If the substantive examination finds no reason for rejection, it shall enter the authorization procedure as required.

(6) authorization stage. After the utility model and design pass the fifth step of examination, they can directly enter the authorization stage.

Legal basis:

Article 45 of the Patent Law of People's Republic of China (PRC) Since the date when the patent administrative department of the State Council announced the grant of the patent right, any unit or individual may request the Patent Reexamination Board to declare the patent right invalid if it considers that the grant of the patent right is not in conformity with the relevant provisions of this Law.

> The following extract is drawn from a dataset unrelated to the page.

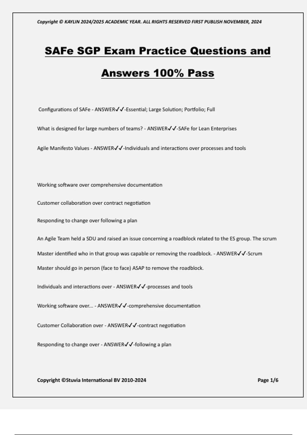 SAFe SGP Exam Practice Questions and Answers 100% Pass Configurations of SAFe - ANSWER-Essential; Large Solution; Portfolio; Full What is designed for large numbers of teams? - ANSWER-SAFe for Lean Enterprises Agile Manifesto Values - ANSWER-Individuals and interactions over processes and tools Working software over comprehensive documentation Customer collaboration over contract negotiation Responding to change over following a plan An Agile Team held a SDU and raised an issue concerning a roadblock related to the ES group. The scrum Master identified who in that group was capable or removing the roadblock. - ANSWER-Scrum Master should go in person (face to face) ASAP to remove the roadblock. Individuals and interactions over - ANSWER-processes and tools Working software over... - ANSWER-comprehensive documentation Customer Collaboration over - ANSWER-contract negotiation Responding to change over - ANSWER-following a plan Copyright © KAYLIN 2024/2025 ACADEMIC YEAR. ALL RIGHTS RESERVED FIRST PUBLISH NOVEMBER, 2024 Copyright ©Stuvia International BV Page 2/6 Which SAFe principle emphasizes Plan-Do-Check-Adjust (PDCA)? - ANSWER-Build incrementally with fast, integrated learning cycles What is a benefit of frequent integration points? - ANSWER-Faster Learning Why is it important to decentralize decision-making? - ANSWER-To enable team success without unnecessary delays How are silos overcome in a government setting? - ANSWER-Open and clear communication and collaboration. is it possible to create high-performing teams with a mixture of government and contractor personnel? - ANSWER-Yes, if government encourages and rewards team-centric behaviors An ART has teams from two different companies, as well as government teams. Once CTR team reports that the other CTR teams are withholding information vital to completing features. What must the GVT do? - ANSWER-Clarify expectations for cooperation and collaboration with ART members What do the teams that make up an Agile Release train do? - ANSWER-Align tp a common business and technology mission What is true about uncommitted objectives? - ANSWER-They are used to identify work that can vary within the scope of a PI Define ROAM: - ANSWER-Resolved - The teams agree that the ri

Rule 77 of the Detailed Rules for the Implementation of the Patent Law. Where there is no agreement between the entity granted the patent right and the inventor or designer, and the rules and regulations formulated according to law do not stipulate the reward method and amount stipulated in Article 16 of the Patent Law, it shall give the inventor or designer a bonus within 3 months from the date of announcement of the patent right. The bonus for an invention patent is at least 3,000 yuan; The minimum bonus for utility model patent or design patent shall not be less than 1000 yuan.

Where an invention-creation is completed because the suggestion of the inventor or designer is adopted by the entity, the entity that has been granted the patent right shall give a bonus from the superior entity.